THE LAST TIME THEY MET

by Anita Shreve

Pub Date: April 1st, 2001
ISBN: 0-316-78114-2
Publisher: Little, Brown

Bestselling Shreve (The Pilot's Wife, 1998, etc.) reuses a character from a previous novel in this new work tracing a doomed love affair backwards in time.

We meet 52-year-old Linda Fallon checking into a Toronto hotel for a literary conference, at which she meets fellow American poet Thomas Janes, whom she hasn't seen since the disastrous denouement of their adulterous affair in Africa 25 years earlier. Since then, as readers of The Weight of Water (1997) already know, he's seen his five-year-old daughter drown and gotten a second divorce. Thomas still carries the torch Linda first ignited when she was a working-class Catholic teenager recently returned from a Magdalene home for "wayward girls" and he was an Episcopalian from the right side of the tracks dazzled by her boldness and individuality. During the conference they fall into bed again, and Part One ends with a parting at the airport that offers hope of long-delayed happiness for this star-crossed pair. Part Two depicts their encounter in Kenya: both married to other people but retaining tender memories of the adolescent romance cut short by a car accident, they're briefly happy until Thomas's wife finally achieves her desperate desire to get pregnant, triggering an ugly confrontation the author inexplicably doesn't allow us to witness. Part Three finally gets us back to Hull, Massachusetts, but the story of Linda's abuse by her aunt's boyfriend and her sexual healing through Thomas's love is overshadowed by an outrageous final plot twist. It's fine to fool the reader if you play fair—for example, as Rebecca Goldstein did in Properties of Light (2000).
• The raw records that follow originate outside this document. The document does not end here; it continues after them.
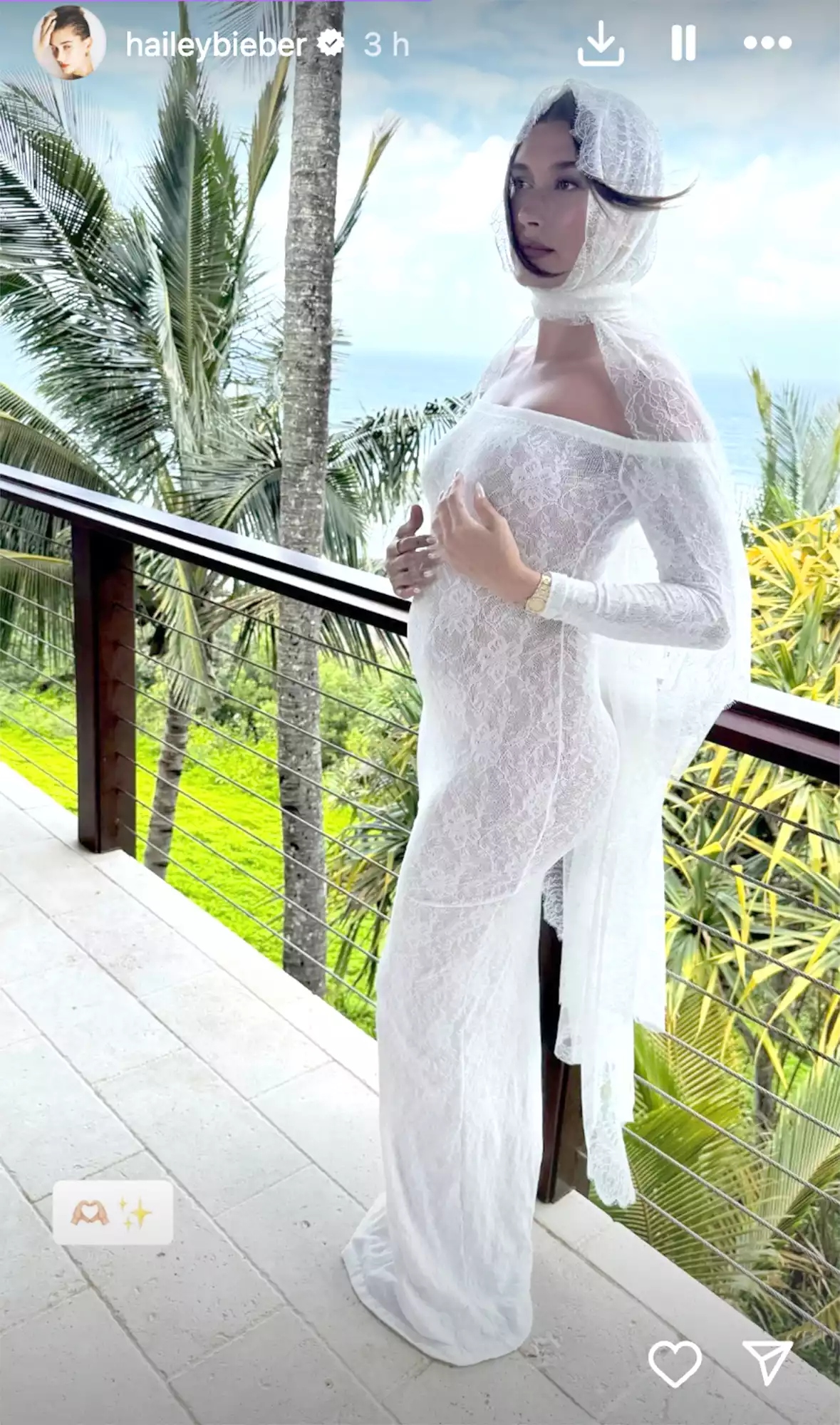 The new image showed Hailey wearing an off-the-shoulder white lace Saint Laurent by Anthony Vaccarello dress and a long veil. She posed on a wooden balcony for the shot.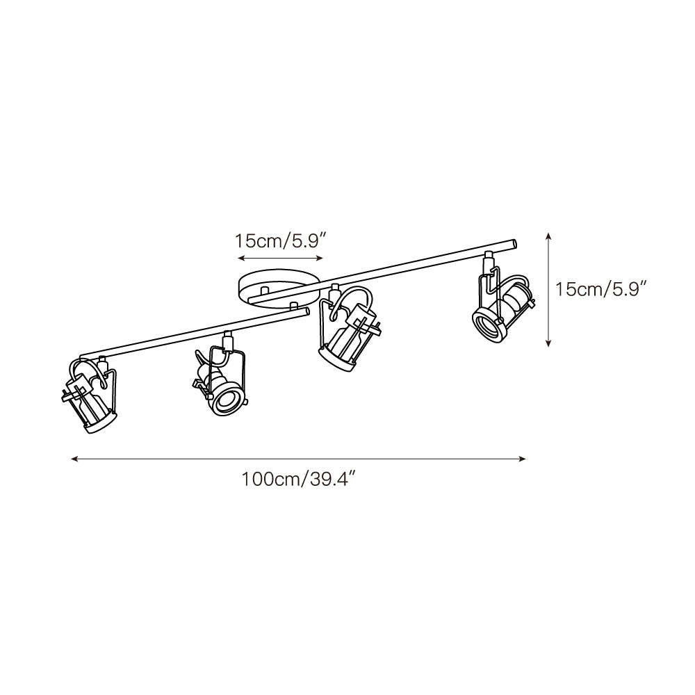 4 heads L 100cm x H 15cm / L 39.4″ x H 5.9″.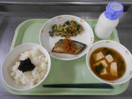 今日のおかずは秋が旬の秋刀魚です。塩焼きにして、大根おろし入りのたれをかけてあります。魚の骨を上手にとって、今だからこそおいしい旬の味覚を味わってください。

Shreve, by contrast, doesn't suggest that her solid (if not especially gripping) storyline is anything other than what it seems until she tears the entire premise to shreds in the book's two last pages.

The shock ending and pretentious elements, such as Linda's unconvincing struggle with her faith, can't disguise the fact that the author is very short of fresh ideas here.